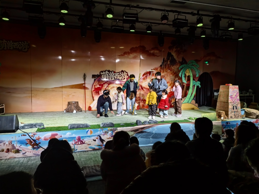在南京玄武招商花园城内的喜舟行动物剧场,双休日每场演出几乎都座无虚席。《萌兽西游》演出现场,演员们身着动物服饰,与孩子们互动。一位5岁小女孩在演员的引导下,将手中的贴纸分享给另一位小朋友,两个孩子瞬间成为好朋友。妈妈陈燕绮开心地说:“孩子不仅能沉浸式互动,还能学到分享的道理,这样的亲子消费花得值!”
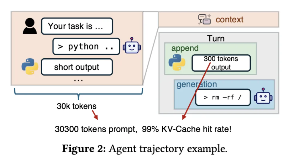 在典型的智能体轨迹中,模型会接收一段包含先前上下文和新追加Token的提示词,然后生成下一步动作。
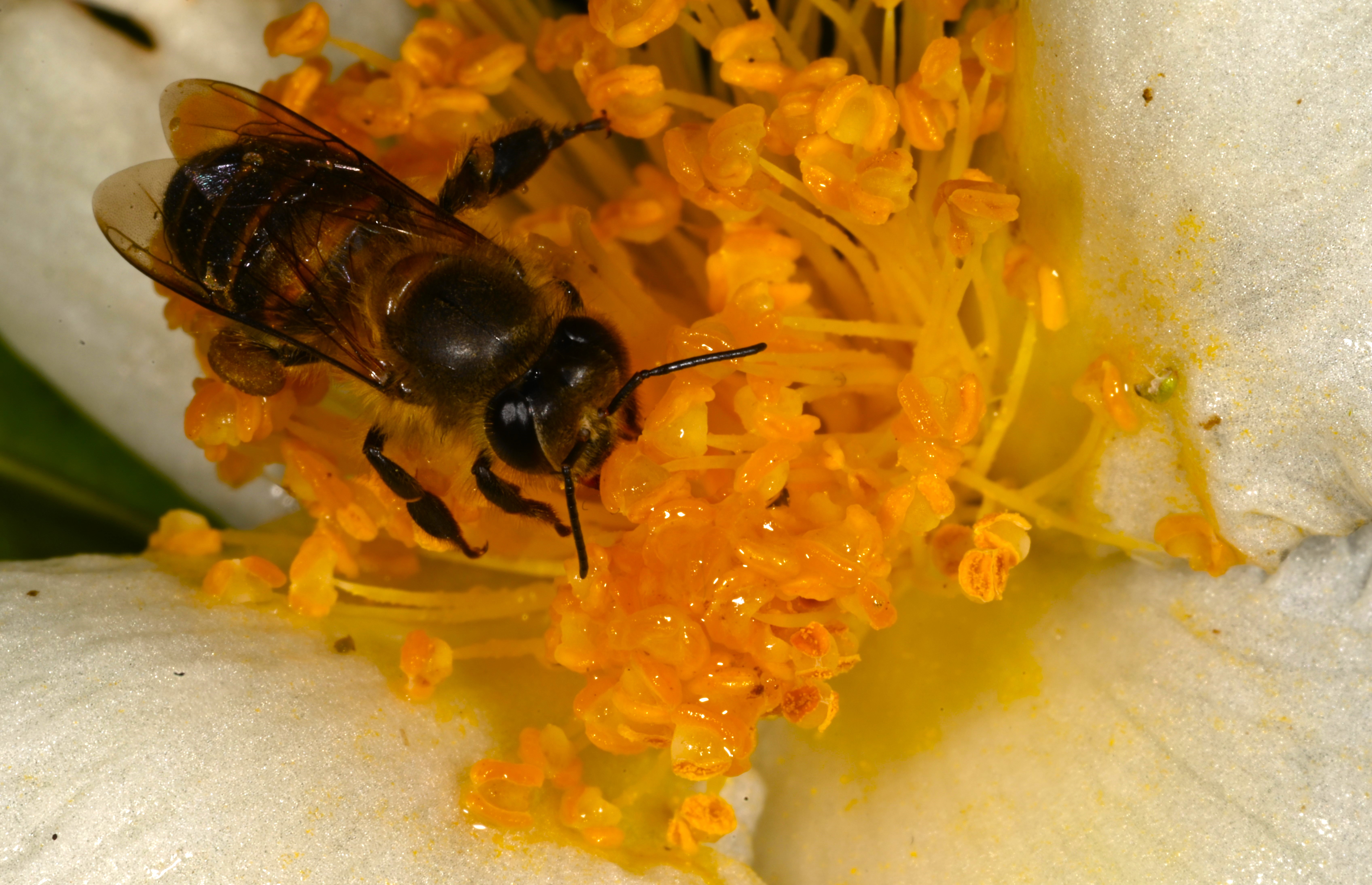 臺灣山茶因豔麗的外表,是典型的蟲媒花,是生產稀有冬蜜的優良蜜源,主要的訪花昆蟲是本土的東方蜂。(圖片來源:林業試驗所提供)
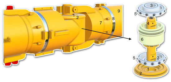 This is a mechanism that mechanically joins two watertight enclosures together and transmits the torque of a rotary actuator between an outer driving shaft and an inner driven shaft without physical contact. This enables a servomotor in one of the enclosures to actuate the other enclosure and achieve a precise control of angular position, velocity and acceleration of the body. The contactless bond is created by the magnetic attraction of a number of magnetic blocks evenly distributed on the side surface of the two shafts with opposite polarity. This allows the two enclosures to function like a robotic arm with rotational joint motion. To keep costs to a minimum, off-the-shelf small magnetic bricks were used. Figure 6 illustrates the magnetic joint’s internal parts. The recent paper [30] provides additional details about the implementation of RoboFish magnetic coupling joints and how to maximise the transmittable torque with different numbers, types and arrangement of magnetic blocks.
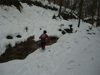 沢を渡る。
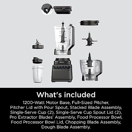Model: Ninja Blender, Kitchen System for-Smoothie, Frozen, Extract, Chop & Dough, Pitcher, 8-cup Food Processor Bowl, Smoothie Cup, Ninja Total Crushing, 1200 Watt, BPA Free, Dark Grey, BR601AMZ
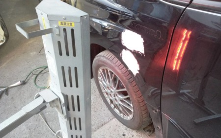 ▼ 修正した箇所にパテを盛り付けます。パテの乾燥を早めるために、赤外線ヒーターで強制乾燥をします。その後研磨を数回繰り返して滑らかに仕上げます。

The task ->
The line with "臺灣山茶因豔麗的外表,是典型" marks the end: restate word for word every line from the top of the data through that one, omitting pictures.

Output ->
在南京玄武招商花园城内的喜舟行动物剧场,双休日每场演出几乎都座无虚席。《萌兽西游》演出现场,演员们身着动物服饰,与孩子们互动。一位5岁小女孩在演员的引导下,将手中的贴纸分享给另一位小朋友,两个孩子瞬间成为好朋友。妈妈陈燕绮开心地说:“孩子不仅能沉浸式互动,还能学到分享的道理,这样的亲子消费花得值!”
 在典型的智能体轨迹中,模型会接收一段包含先前上下文和新追加Token的提示词,然后生成下一步动作。
 臺灣山茶因豔麗的外表,是典型的蟲媒花,是生產稀有冬蜜的優良蜜源,主要的訪花昆蟲是本土的東方蜂。(圖片來源:林業試驗所提供)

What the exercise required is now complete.